PROVIDED INFORMATION:
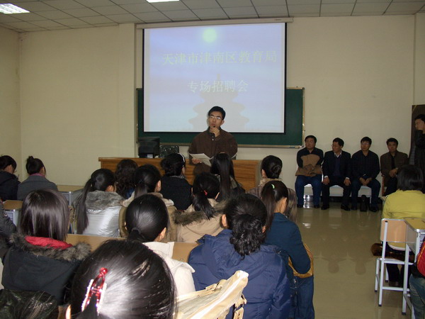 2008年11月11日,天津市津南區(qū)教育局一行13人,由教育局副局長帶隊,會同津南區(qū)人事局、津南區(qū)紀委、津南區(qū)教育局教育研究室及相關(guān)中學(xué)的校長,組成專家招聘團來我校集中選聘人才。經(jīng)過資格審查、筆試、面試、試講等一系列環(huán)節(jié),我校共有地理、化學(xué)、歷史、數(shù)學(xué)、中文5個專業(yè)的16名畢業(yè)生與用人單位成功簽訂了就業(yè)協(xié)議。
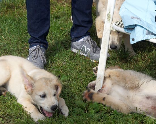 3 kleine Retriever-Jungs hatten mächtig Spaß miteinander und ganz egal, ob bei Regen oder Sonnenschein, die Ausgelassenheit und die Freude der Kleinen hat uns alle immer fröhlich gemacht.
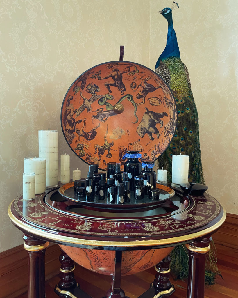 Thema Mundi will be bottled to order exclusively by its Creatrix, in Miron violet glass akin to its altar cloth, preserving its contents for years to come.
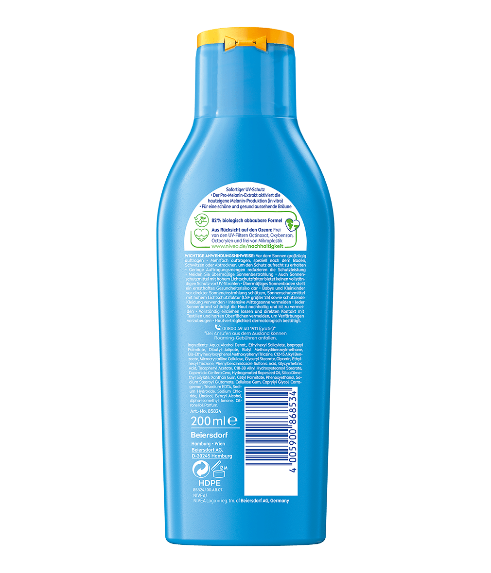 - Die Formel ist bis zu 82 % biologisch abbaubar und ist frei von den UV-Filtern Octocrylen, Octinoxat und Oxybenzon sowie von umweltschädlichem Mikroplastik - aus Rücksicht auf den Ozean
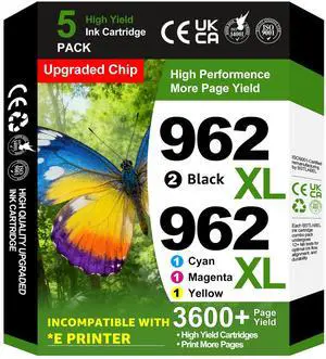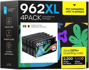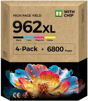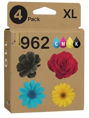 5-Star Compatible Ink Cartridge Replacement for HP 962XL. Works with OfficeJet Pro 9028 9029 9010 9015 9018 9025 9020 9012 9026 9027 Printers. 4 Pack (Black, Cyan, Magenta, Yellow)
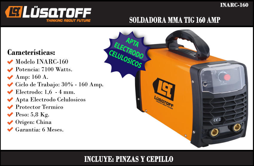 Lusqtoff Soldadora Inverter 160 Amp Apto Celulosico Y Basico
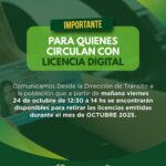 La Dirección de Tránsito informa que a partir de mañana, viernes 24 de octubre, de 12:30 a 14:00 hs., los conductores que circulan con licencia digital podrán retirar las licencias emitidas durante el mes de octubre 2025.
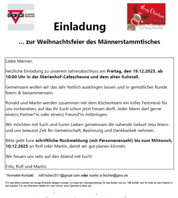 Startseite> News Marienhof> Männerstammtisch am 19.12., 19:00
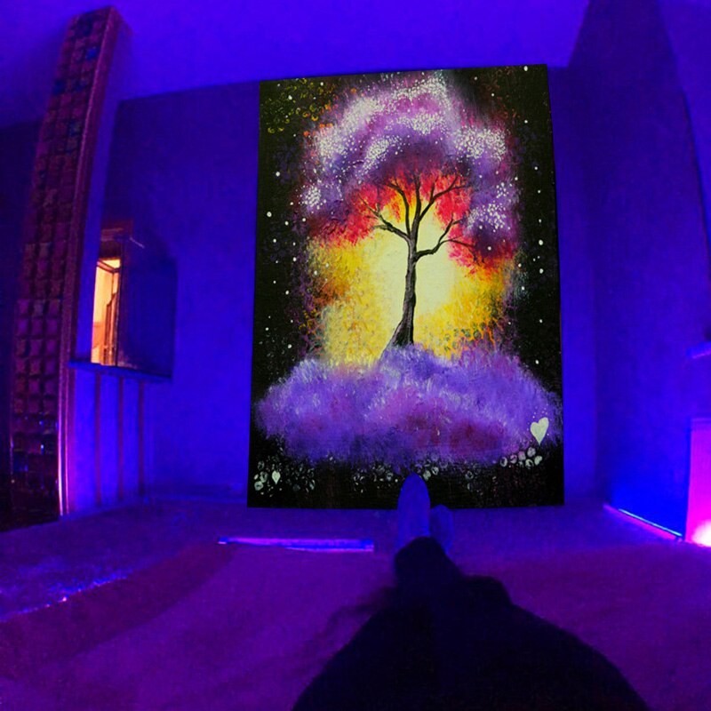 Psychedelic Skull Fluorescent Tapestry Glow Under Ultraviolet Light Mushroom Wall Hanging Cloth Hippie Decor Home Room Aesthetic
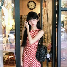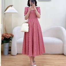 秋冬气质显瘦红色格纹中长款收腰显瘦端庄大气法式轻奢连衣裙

TASK STATEMENT: Output only the lines from the one that contains "La Dirección de" to the end of the entries above, both end lines included, and drop the pictures.

TASK RESULT:
 La Dirección de Tránsito informa que a partir de mañana, viernes 24 de octubre, de 12:30 a 14:00 hs., los conductores que circulan con licencia digital podrán retirar las licencias emitidas durante el mes de octubre 2025.
 Startseite> News Marienhof> Männerstammtisch am 19.12., 19:00
 Psychedelic Skull Fluorescent Tapestry Glow Under Ultraviolet Light Mushroom Wall Hanging Cloth Hippie Decor Home Room Aesthetic
 秋冬气质显瘦红色格纹中长款收腰显瘦端庄大气法式轻奢连衣裙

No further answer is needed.